== Provided records ==

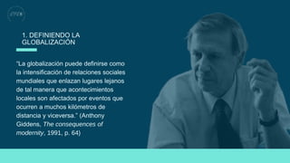 Este documento define la globalización como el aumento de las relaciones sociales entre lugares distantes que conectan eventos locales con eventos lejanos. Explica que la globalización se ha desarrollado en tres etapas: la primera globalización durante la expansión europea, la segunda con la revolución industrial y el colonialismo europeo, y la tercera desde la segunda mitad del siglo XX impulsada por avances tecnológicos. También analiza los impactos de la globalización actual como mayores desigualdades y el debilitamiento de las identidades nacional
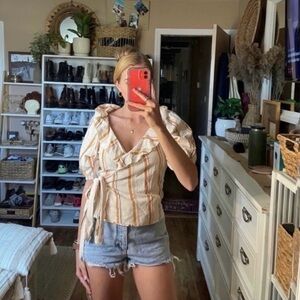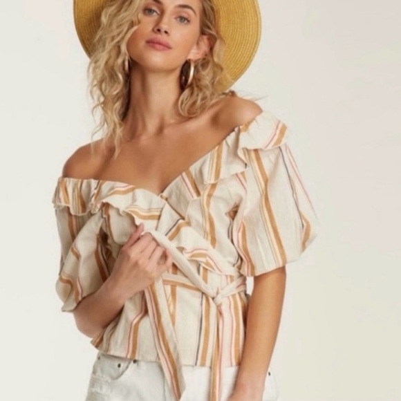 Elevate your style with this chic off-shoulder ruffle top. Featuring a stylish striped pattern in cream and tan, this top is perfect for any occasion.
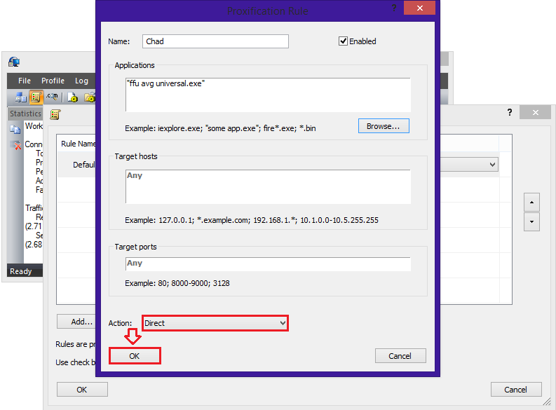 13. Klik default lalu pilih Action nya Proxy SOCK5 127.0.0.1 kemudian klik OK. Lihat gambar.
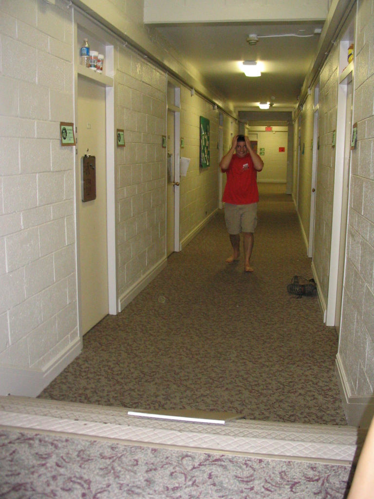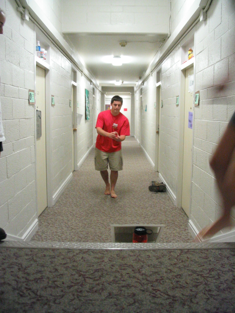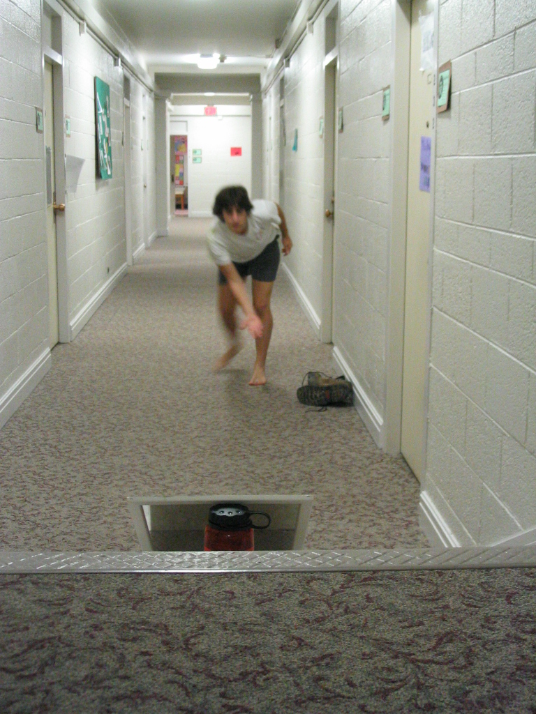 In an attempt to continue the glorious tradition of Hall Sports in Hillcrest, a number of 2.5nd floor residents engaged in a lively game of tape bowling.
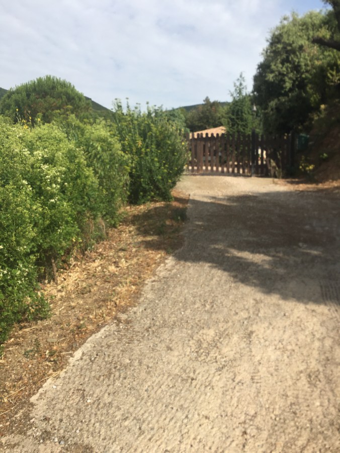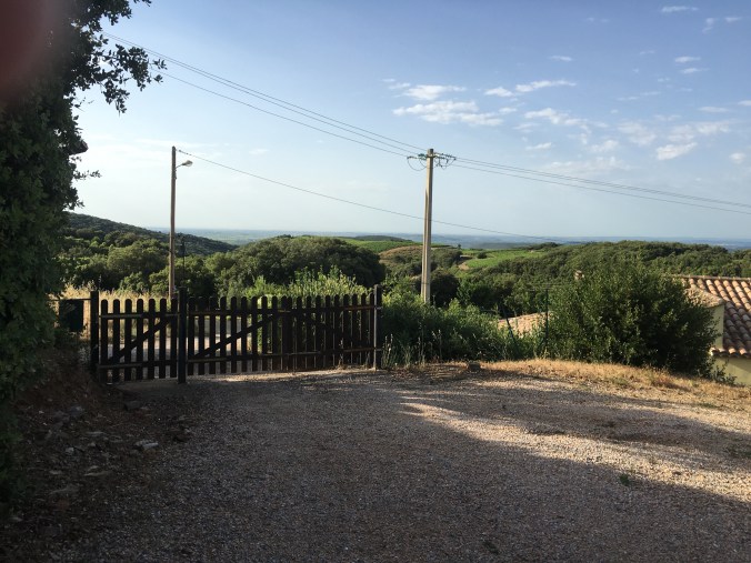 The gates at the bottom of the drive at the Villa. Downhill, hurrah!
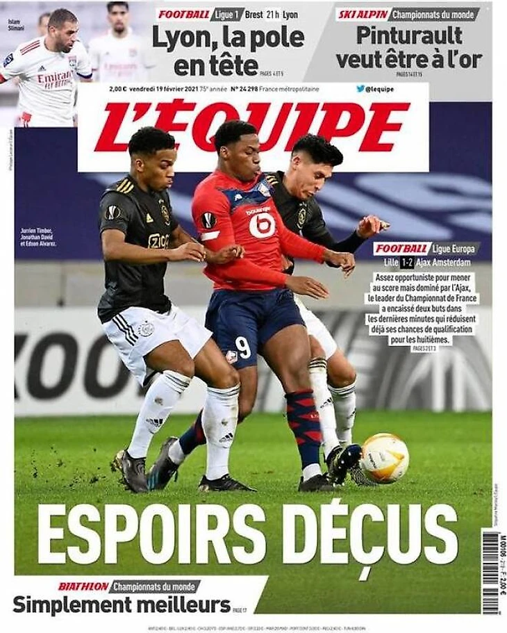 Главным по неожиданной развязке стал матч в Лилле. Местный «доги» принимали амстердамский «Аякс» и даже забили первыми, хотя играли крайне слабо и лишь за счёт везения вели в счëте большую часть матча. Однако, за 3 минуты до конца основного времени, «Аякс» сумел всё перевернуть, забив два мяча. «L'Equip» серьезно критикует как отдельных игроков «Лилля», так и всю команду в целом. «Они были как потерянные дети» - заявляет автор статьи - «не могли сделать больше 3 подряд точных передач». Футбольная общественность Франции явно разочарована игрой «Лилля» и считает, что клуб уже закончил выступление в этом турнире, но, все-таки, призывает проявить характер и сыграть хотя бы не «спустя рукава» в ответном матче. Постараться для своих болельщиков.
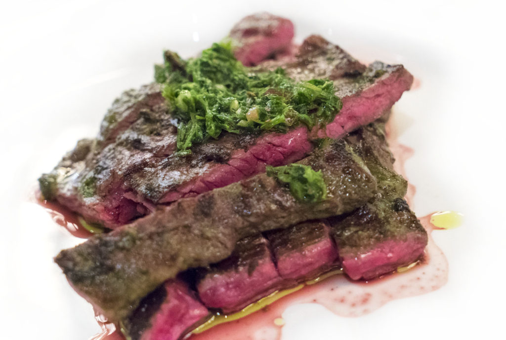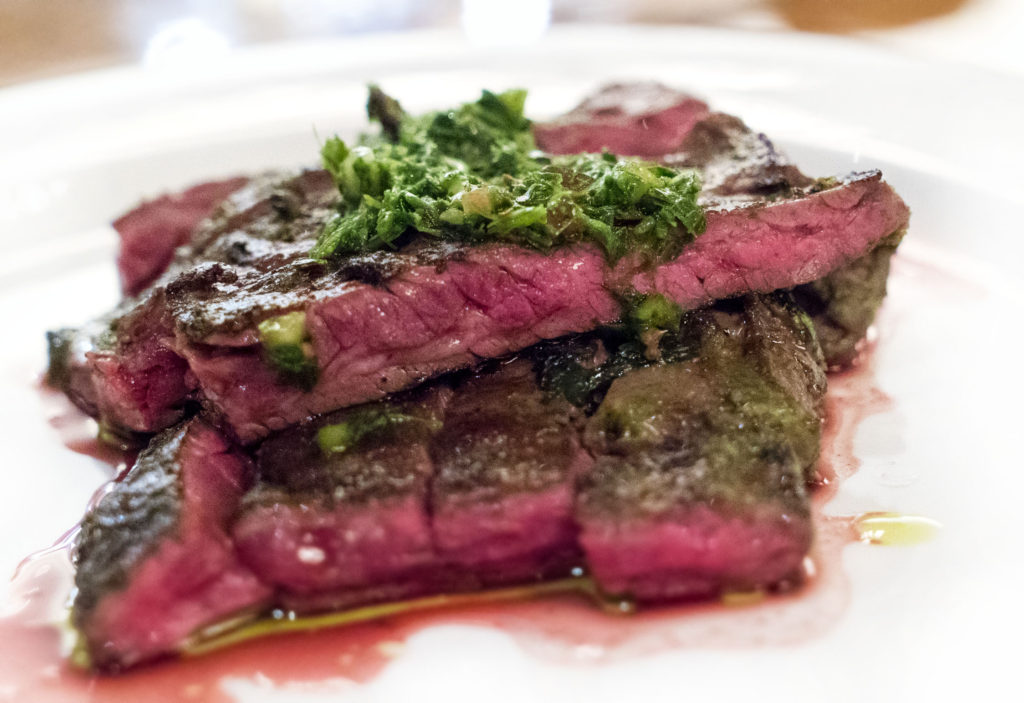 Unfortunately we were not that happy with the skirt steak on the price fix menu. While it was cooked to a perfect medium rare, it had an odd, rubbery texture and was under-seasoned (needed salt). I don’t mean rubbery like chewy. It was definitely tender, but it was an odd sort of tender that reminded me of some of the fake-tasting cuts my wife and I have had in Mexico while on vacation, which kind of grossed us out. Perhaps it was over tenderized? I’m not sure. I honestly don’t know what it is, but we know it when we taste it. On top of that, the chimichurri sauce added almost no flavor to the dish. It just tasted like “green” from the parsley. I didn’t get any salt content or even any garlic flavor from it. I was bummed. I didn’t even really want to finish it or continue eating, both because of the lack of flavor and the odd texture.
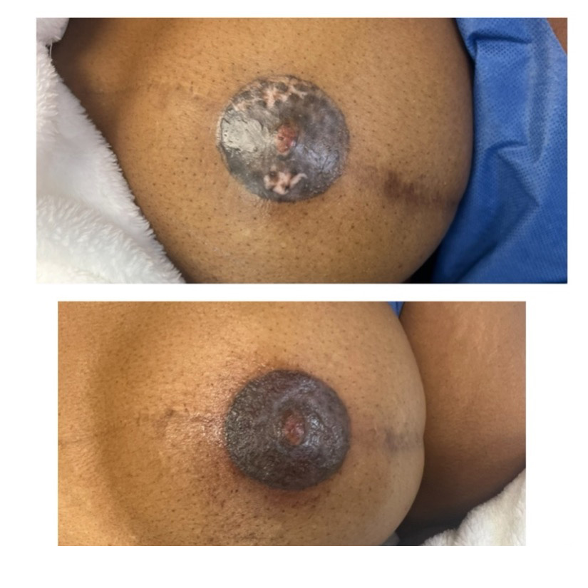 A permanent tattoo that uses shading and color variations to create the appearance of a natural nipple and areola. We customize a color that’s best for your skin tone by color matching during your initial visit. We carefully measure and draw before we move forward with the final step. After initial procedure, one touch up is recommended 4-6 weeks later.
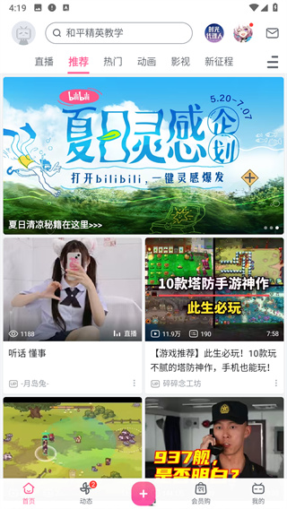 哔哩哔哩移动客户端专注于acg相关内容的在线视频分享,目前有十三个分区:番剧、动画、音乐、舞蹈、游戏、科技、生活、鬼畜、时尚、广告、娱乐、电影、电视剧。
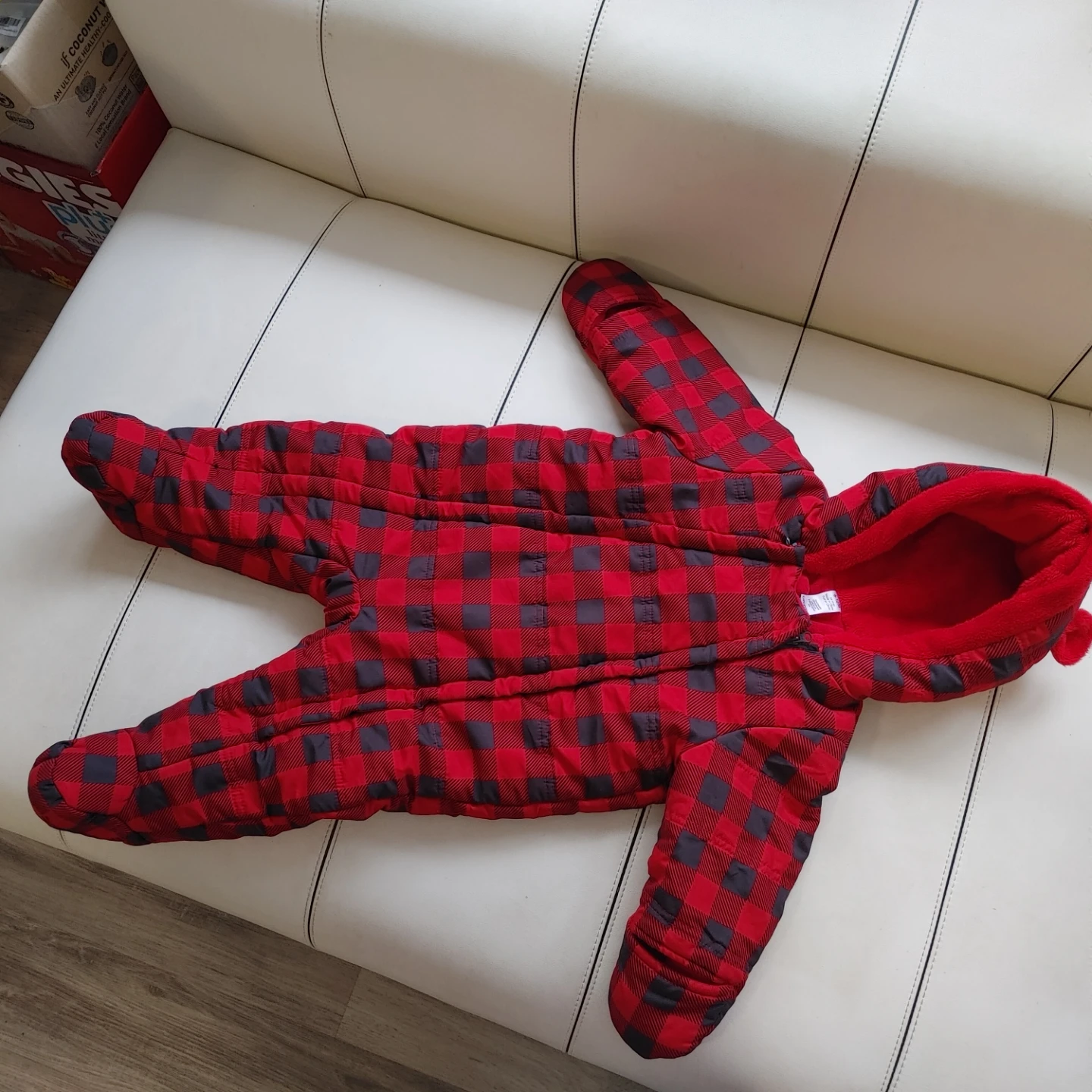 Snuggly red and black plaid snowsuit to keep your little one warm this winter! It's in great condition and ready for snowy adventures
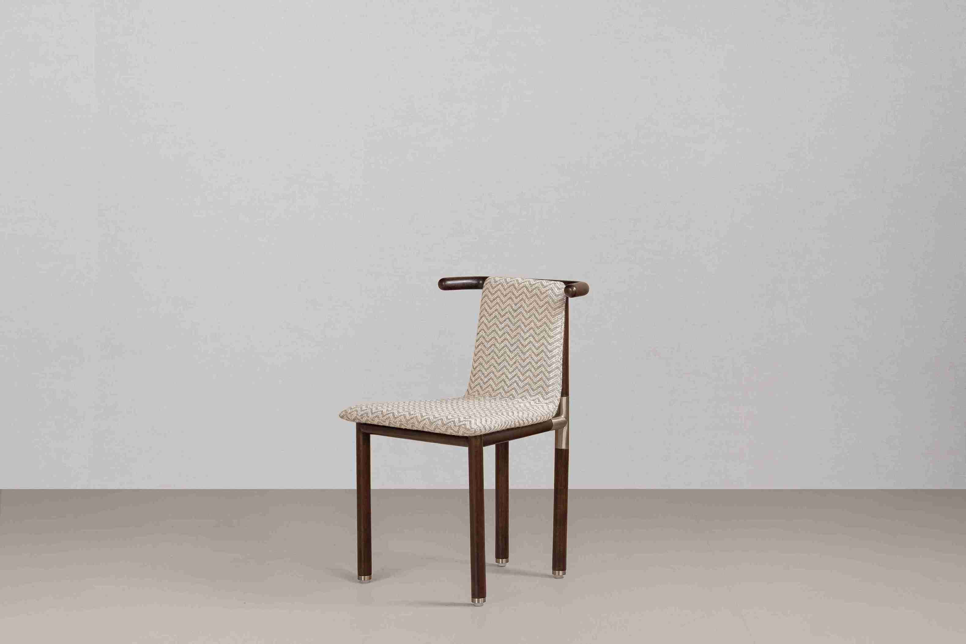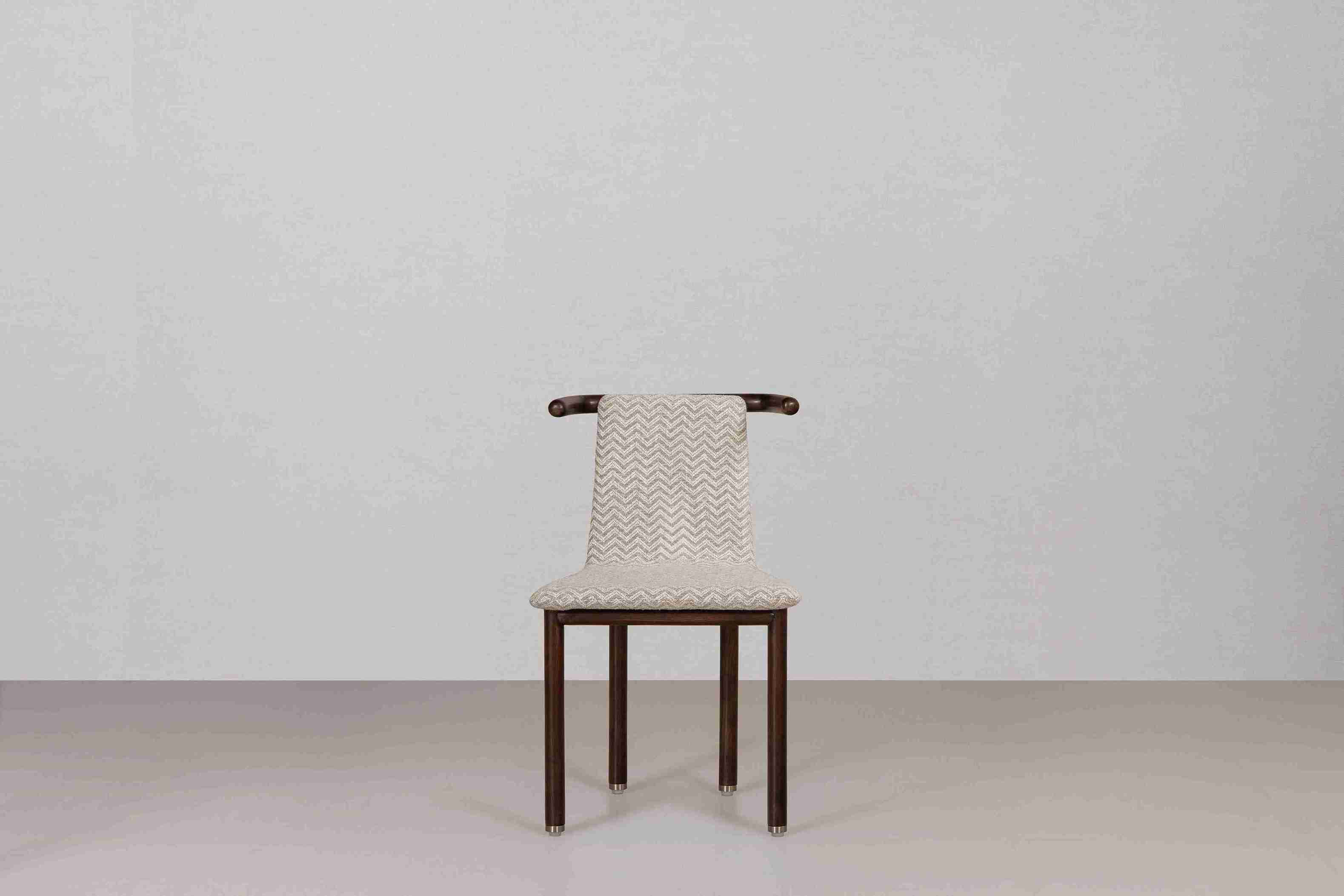 Géraldine celebrates fine woodwork with understated, timeless appeal. Gentle vertical lines frame a refined chevron-upholstered seat and back, while subtle metal accents at the legs add a discreet touch of luxury.

===

Task statement:
Working from the records above, reproduce exactly the lines from the one with "哔哩哔哩移动客户端专注于ac" through the last line, without the pictures.

Written solution:
 哔哩哔哩移动客户端专注于acg相关内容的在线视频分享,目前有十三个分区:番剧、动画、音乐、舞蹈、游戏、科技、生活、鬼畜、时尚、广告、娱乐、电影、电视剧。
 Snuggly red and black plaid snowsuit to keep your little one warm this winter! It's in great condition and ready for snowy adventures
 Géraldine celebrates fine woodwork with understated, timeless appeal. Gentle vertical lines frame a refined chevron-upholstered seat and back, while subtle metal accents at the legs add a discreet touch of luxury.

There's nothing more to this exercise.